Execution of convert_to_onnx.py from onnx_packnet directory resulted in displaying Killed
Issue Overview
Users have reported encountering an issue when executing the script convert_to_onnx.py
located in the directory /usr/src/tensorrt/samples/python/onnx_packnet/
. When running the command:
python3.6 convert_to_onnx.py --output model.onnx
the process ends with the message "Killed."
Specific Symptoms
- The script fails to complete, displaying a "Killed" message.
- Warning messages related to deprecated functions in PyTorch are shown in the log output.
Context of the Problem
- The issue occurs during the execution of a Python script intended to convert a model to ONNX format.
- The error appears to be linked to memory management, as indicated by the "Killed" message.
Relevant Specifications
- Hardware: Nvidia Jetson Orin Nano Dev board (implied).
- Software: Python 3.6, PyTorch (specific version not mentioned), TensorRT.
Frequency and Impact
- This issue appears to occur consistently when memory limits are reached.
- The impact on user experience is significant, as it prevents successful execution of model conversion tasks, which are critical for deploying models.
Possible Causes
-
Memory Limitations: The most likely cause is that the device runs out of memory during execution, leading to the process being killed by the operating system.
-
Software Bugs: Deprecation warnings in PyTorch suggest potential issues with compatibility or bugs in the code being executed.
-
Configuration Errors: Incorrect configurations or insufficient resources allocated for running the script may contribute to the problem.
-
Driver Issues: Outdated or incompatible drivers could lead to performance issues and memory management failures.

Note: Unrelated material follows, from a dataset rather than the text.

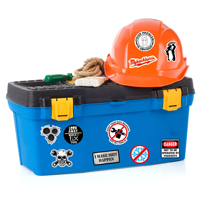 MULTI-FUNCTIONAL USE: These stickers adhere to most smooth surfaces such as hard hats, toolboxes, helmets, cars, toilet surface and more. They are versatile and can be used for labeling various items.

Troubleshooting Steps, Solutions & Fixes
-
Check System Memory Usage:
- Use
tegrastats
to monitor memory usage while executing the script. - Command:
sudo tegrastats
- Use
-
Add Swap Memory:
- If memory usage is at maximum, consider adding swap memory to alleviate memory pressure.
- Steps to add swap:
sudo fallocate -l 2G /swapfile # Create a swap file of 2GB sudo chmod 600 /swapfile # Set permissions sudo mkswap /swapfile # Set up swap space sudo swapon /swapfile # Enable swap
- Verify that swap is active:
sudo swapon --show
-
Update Software Packages:
- Ensure that all relevant software packages (including PyTorch and TensorRT) are up-to-date.
- Use pip for updating:
pip install --upgrade torch torchvision torchaudio
-
Modify Code for Compatibility:
- Address deprecation warnings by modifying the code as suggested in the warnings. For instance, replace
floordiv
withtorch.div(a, b, rounding_mode='trunc')
.
- Address deprecation warnings by modifying the code as suggested in the warnings. For instance, replace
-
Test with Different Configurations:
- Try running the script with different model sizes or simpler models to see if it executes successfully under lower resource demands.
-
Consult Documentation:
- Review official Nvidia documentation for any specific guidelines related to memory management and model conversion on Jetson devices.
-
Monitor Temperature and Power Supply:
- Ensure that environmental factors such as temperature and power supply are within acceptable ranges, as overheating or inadequate power can also lead to performance issues.
-
Best Practices for Future Prevention:
- Regularly monitor system resources while running intensive tasks.
- Keep software updated and follow best practices for managing resources on embedded systems like Jetson boards.
Unresolved Aspects
Further investigation may be needed into specific versions of PyTorch and TensorRT compatibility with the Jetson Orin Nano Dev board, as well as any additional environmental factors that could influence performance.